Deep learning for in vivo near-infrared imaging

Affiliations

Deep learning for in vivo near-infrared imaging

Zhuoran Ma et al. Proc Natl Acad Sci U S A. .

Abstract

Detecting fluorescence in the second near-infrared window (NIR-II) up to ∼1,700 nm has emerged as a novel in vivo imaging modality with high spatial and temporal resolution through millimeter tissue depths. Imaging in the NIR-IIb window (1,500-1,700 nm) is the most effective one-photon approach to suppressing light scattering and maximizing imaging penetration depth, but relies on nanoparticle probes such as PbS/CdS containing toxic elements. On the other hand, imaging the NIR-I (700-1,000 nm) or NIR-IIa window (1,000-1,300 nm) can be done using biocompatible small-molecule fluorescent probes including US Food and Drug Administration-approved dyes such as indocyanine green (ICG), but has a caveat of suboptimal imaging quality due to light scattering. It is highly desired to achieve the performance of NIR-IIb imaging using molecular probes approved for human use. Here, we trained artificial neural networks to transform a fluorescence image in the shorter-wavelength NIR window of 900-1,300 nm (NIR-I/IIa) to an image resembling an NIR-IIb image.

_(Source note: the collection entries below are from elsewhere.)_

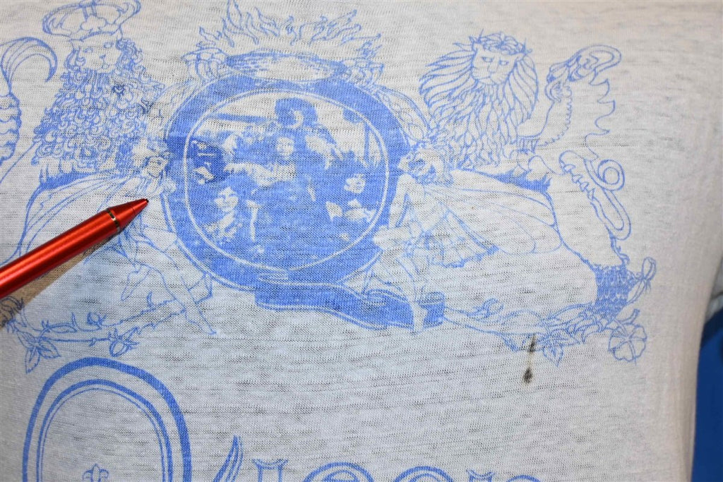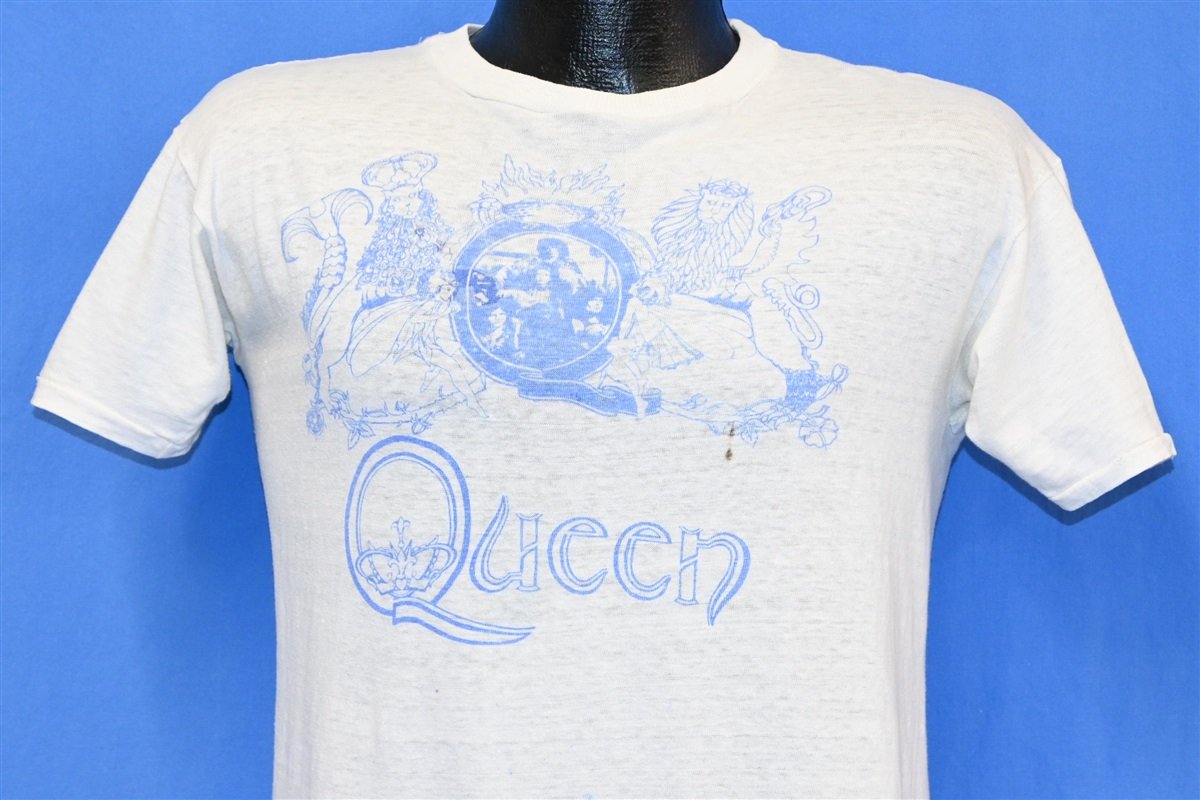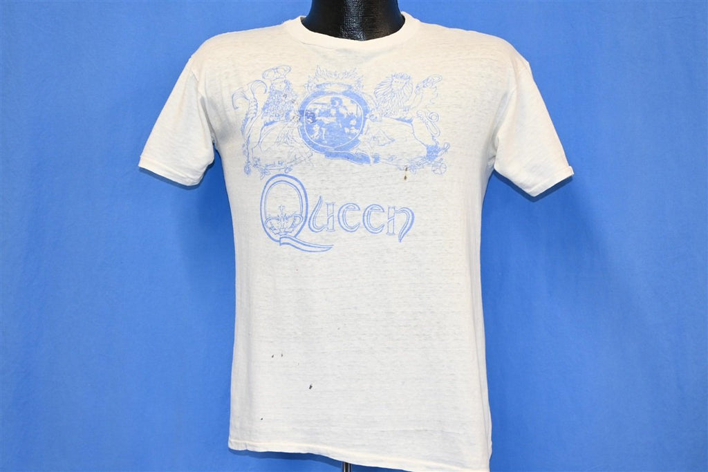 This incredible t-shirt is a remarkable piece of rock 'n roll memorabilia. It dates back to the early 1970s and is one of the earliest t-shirts made for the legendary British band. The logo on this tee is the earliest edition of the band's logo, called the Queen crest. The design is notably missing the phoenix that normally looms over the crest. This shirt was most likely printed in anticipation of Queen's first US tour in 1974, shortly before the band was big enough to have their own official merch.
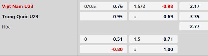 Lựa chọn tốt nhất: U23 Việt Nam & Xỉu cả trận
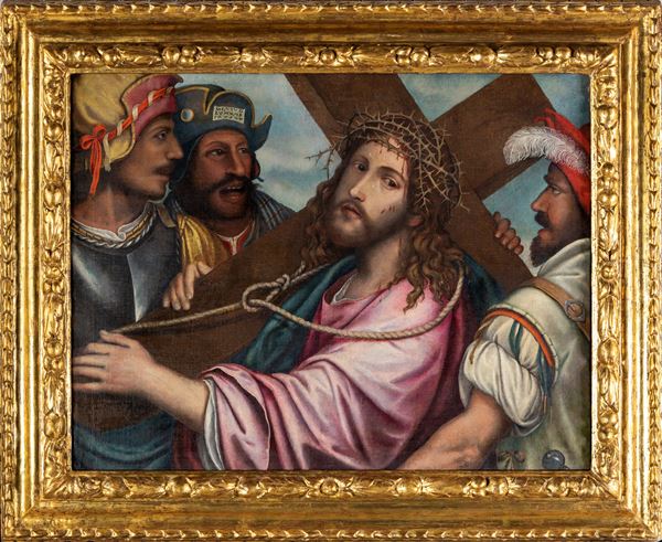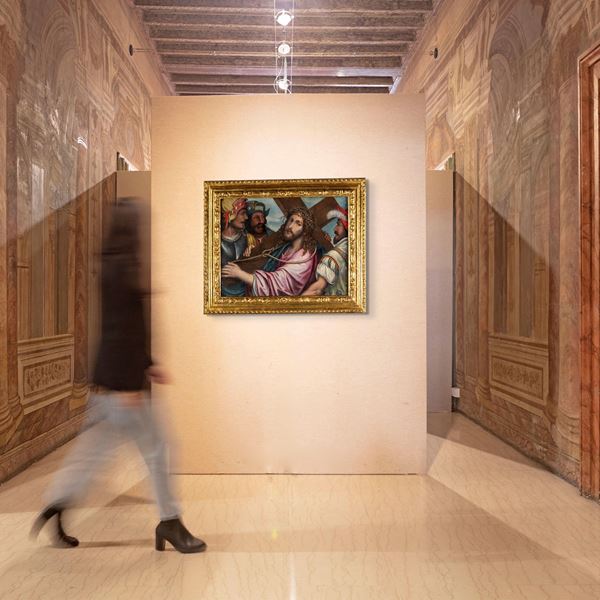 Registrata nella Fototeca Zeri con scheda n. 39114, l’opera, già in collezione Sterbini, raffigura Cristo nell’atto di portare la croce, in composizione rappresentativa del repertorio veneto di Nicolò Frangipane (1555‑1600). Artista attivo tra Venezia e Udine, Frangipane è noto per la sua produzione religiosa e per la capacità di unire modelli tardo-cinquecenteschi veneziani a una resa attenta dei dettagli anatomici e della luce. La scena mette in evidenza la sensibilità luministica e la cura del dettaglio anatomico, richiamando modelli veneziani della sua epoca.

With deep-learning translation, in vivo lymph node imaging with ICG achieved an unprecedented signal-to-background ratio of >100. Using preclinical fluorophores such as IRDye-800, translation of ∼900-nm NIR molecular imaging of PD-L1 or EGFR greatly enhanced tumor-to-normal tissue ratio up to ∼20 from ∼5 and improved tumor margin localization. Further, deep learning greatly improved in vivo noninvasive NIR-II light-sheet microscopy (LSM) in resolution and signal/background. NIR imaging equipped with deep learning could facilitate basic biomedical research and empower clinical diagnostics and imaging-guided surgery in the clinic.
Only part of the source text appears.